[plt-scheme] Re: Modules, Units, and Classes

From: Jos Koot (jos.koot at telefonica.net)
Date: Mon May 28 15:25:23 EDT 2007

Recently I became concious of the fact that I am using modules where others may prefer object classes. I like the module system 
because making a module is it is much more simple than making an object class (mho). To understand why, simply compare the amount of 
documentation of modules with that of object classes. Modules are very well separated from the users environmement and allow you to 
provide variables without being afraid that they could be corrupted by the user. They also provide an excellent tool for maintaining 
a well defined internal state as well as for the redefinition of syntaxes without confusion between the original ones and the 
redefined ones. Furthermore, modules can as easily be extended like classes (again mho) I use fresh namespaces primarly for testing 
purposes, in particular for the simulation of sesssions in the interactions window.
Btw, making a good testing tool is not simple if you want to include tests on generated standard output and exceptions. You have to 
make sure that written/displayed/printed output will be done in a predetermined and well defined way and that error messages will 
always look the same. For example, the error messages produced by a compiled module may differ from those of a module that has not 
(yet) been compiled.
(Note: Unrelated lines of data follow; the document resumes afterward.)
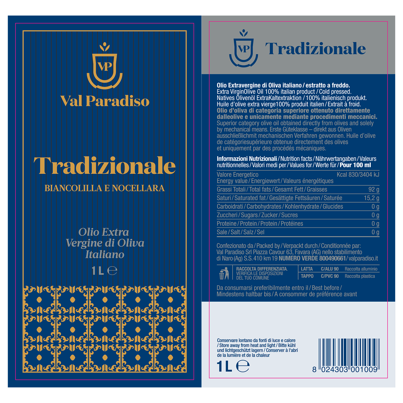 Olio estratto a freddo ottenuto da Biancolilla e Nocellara del Belice, in formato da 1 L comodo in cucina e a tavola per l’uso quotidiano.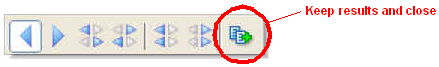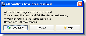 Resumes the Merge session, leaving the Merge tab open so that you can review your choices and changes. You can revise your merge choices and make manual edits. When you're done, click the Keep results and close button on the Merge toolbar: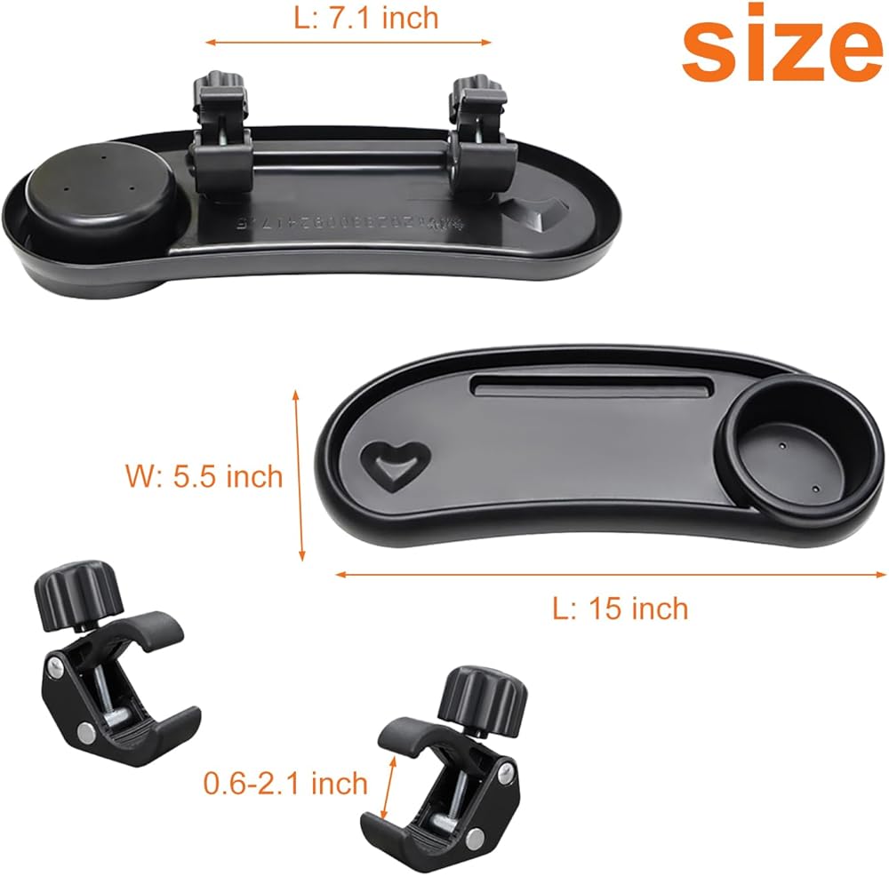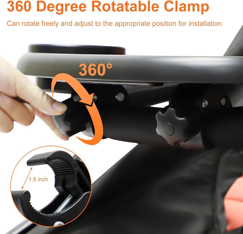 【Double Clip Design】: The clamp of this stroller tray allows for 360 degree rotation, making it easy to adjust the installation angle. In addition, the clamp diameter can be adjusted to a maximum of 1.8 inches. Our clip is suitable for most stroller handlebars on the market.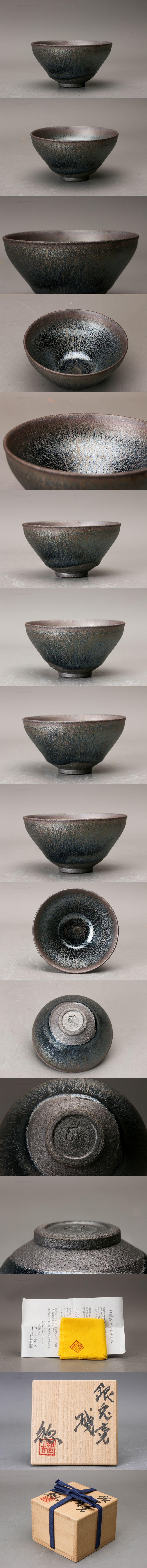 【SAG】九代 長江惣吉 銀兎毫盞 ぐい呑 素山窯 共箱 共布 栞 本物保証 收藏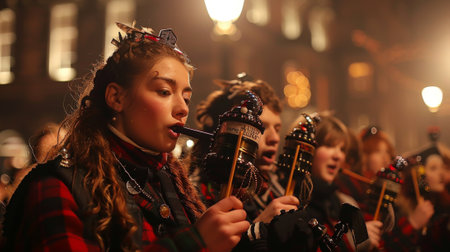Scottish Hogmanay Festival. The iconic Scottish song Auld Lang Syne is sung in unison as the clock strikes midnight, marking the end of one year and the beginning of a new one.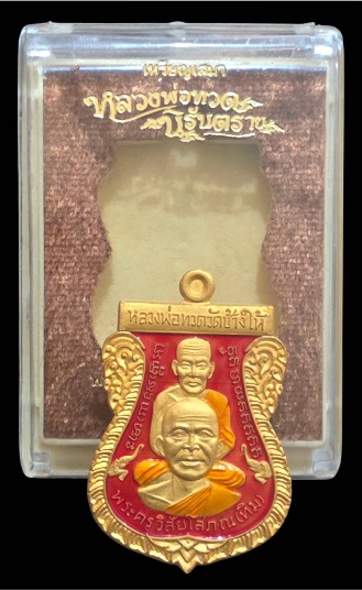 เหรียญเสมาพุฒซ้อนหลวงปู่ทวด-พระอาจารย์ทิม รุ่นนิรันตราย พ่อท่านเขียว วัดห้วยเงาะ จ.ปัตตานี ปี 2557 + เนื้อกะไหล่ทองลงยาแดง + หมายเลข ๗๗๖ สภาพพิมพ์คมชัดสวยงาม จัดสร้างน้อย มาพร้อมกล่องเดิมๆจากวัด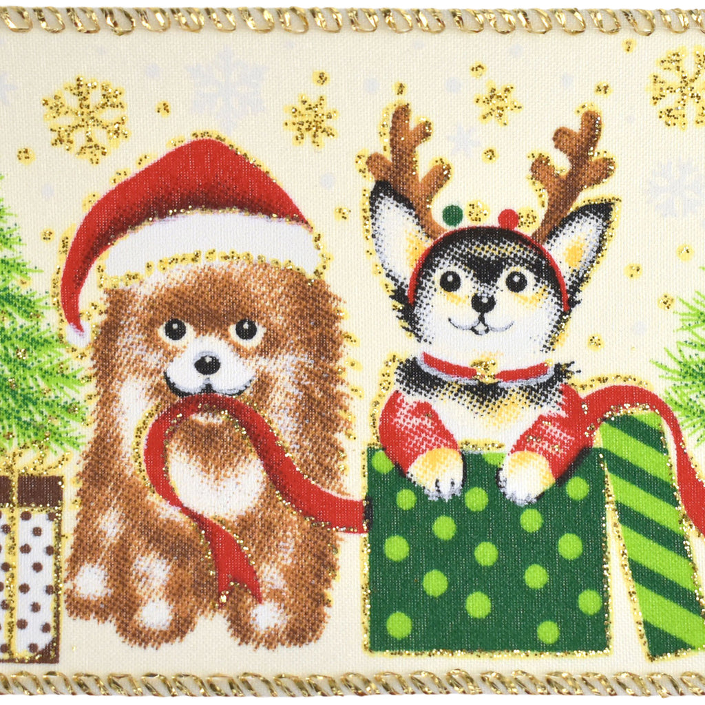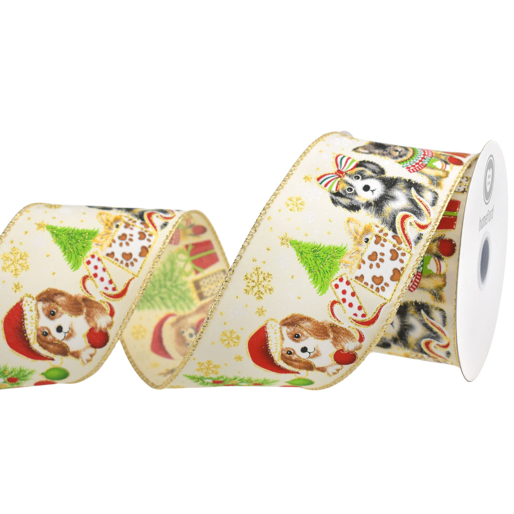 Christmas Tree Doggies Satin Wired Ribbon, 10-yard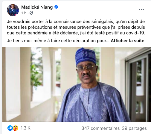 "Je voudrais porter à la connaissance des sénégalais, qu’en dépit de toutes les précautions et mesures préventives que j’ai prises depuis que cette pandémie a été déclarée, j’ai été testé positif au covid-19.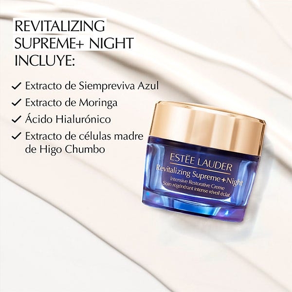 Una crema de noche rica y ultranutritiva con Ácido Hialurónico que revitaliza y deja la piel con una sensación de firmeza y un aspecto más luminoso.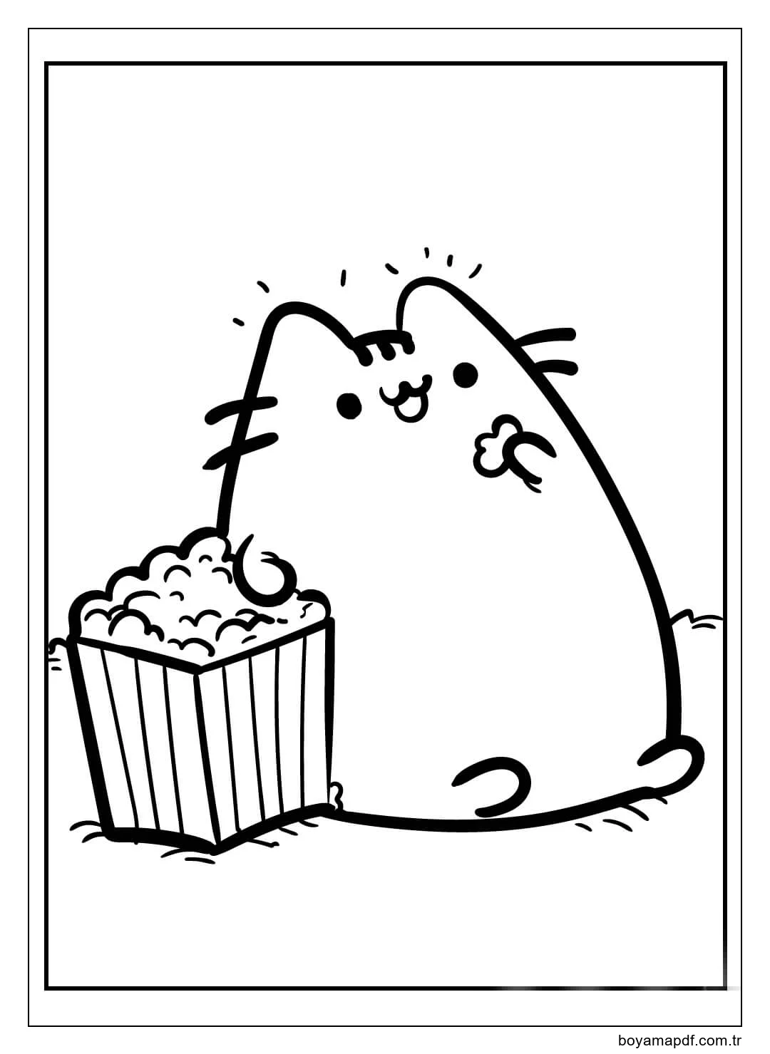 Pusheen Patlamış Mısır Yiyor Boyama Sayfası
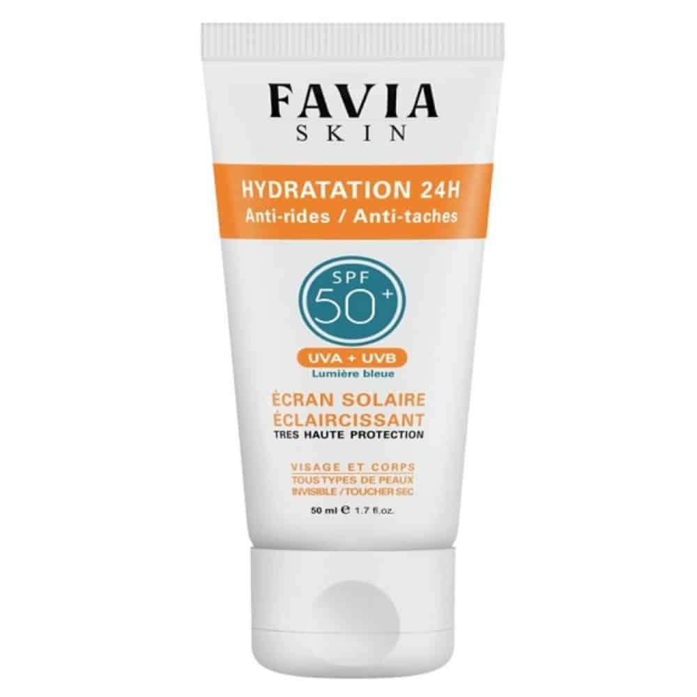 FAVIA – Skin Écran Solaire Éclaircissant Anti-rides Et Anti-taches Hydratation 24h SPF50 – 50ml Maroc au meilleur prix | Parachezvous.ma

This is NOT a criticism on PLT Scheme, on the contrary, for the only systems that can never surprise you/me 
are necessarily trivial.
Kind regards, Jos Koot

----- Original Message ----- 
From: "kanishka" <nish2575 at yahoo.com>
To: <plt-scheme at list.cs.brown.edu>
Sent: Monday, May 28, 2007 8:28 PM
Subject: [plt-scheme] Re: Modules, Units, and Classes

> "You use modules to manage groups of any kind of bindings bindings (for
> variables, syntax extensions, functions, METHODS and CLASSES.
> You use units mostly for interdependent modules (e.g. for two modules
> their signatures=exports+imports depend on each other).
> You use classes to implement abstract data types (actually you don't
> need
> classes for object-oriented programming in Scheme, they are just
> syntactic
> sugar)."
> I did a similar survey of options for code organization a little while
> back (i did this because i was coming from last actively using c#,
> where the first thing you do is decide which namespace to place your
> classes in). For the record, some general observations i found:
> -although units are powerful and cool, most of the plt scheme code i've
> ready hasn't needed that level of parameterization. the popular idiom
> amongst planet authors, mzlib's, and collections seems to be use
> modules.
> i tend to be the kind of person that wants the power of a unit around,
> but will usually use the simplest tool available.
> -i broke down the various options into:
> include
> load
> modules/collections
> namespaces
> packages
> units/sigs
> ..i neglected classes, mixins, and contracts at the time. but i don't
> really see classes a tool for large scale program organization, more
> for smaller, local organization. just didn't have enough time to
> thoroughly read up on contracts.
> from what i read, i differentiated them as follows:
> include- just chunk a large file into multiple files. (one of the only
> mechanisms in php (: )
> package, namespace - group together runtime names.. i tend to want to
> stay away from namespaces. they seem kind of overkill for type of
> organizaiton problems i might encounter.
> load - crude, but nice for rapid development initially
> module - the default method of organization. most widely supported.
> nice for hiding local definitions, without having to use nested defines
> collection - when you've really tested your code out, and used it in a
> few different circumstances. wnat to reuse it as a library on multiple
> projects
> unit/sig - when you plan to spend months/years writing lots of
> variations/implementations for an interface. or you plan to have
> multiple authors writing plugins for an small framework you are writing
> on my current project i ended up using load and include. i've been too
> busy to learn how to write these library of functions i wrote for
> generating sql data access layer code into macros. and since it was
> using eval to generate definitions, i couldn't compile it or all the
> other code that depended on those definitions.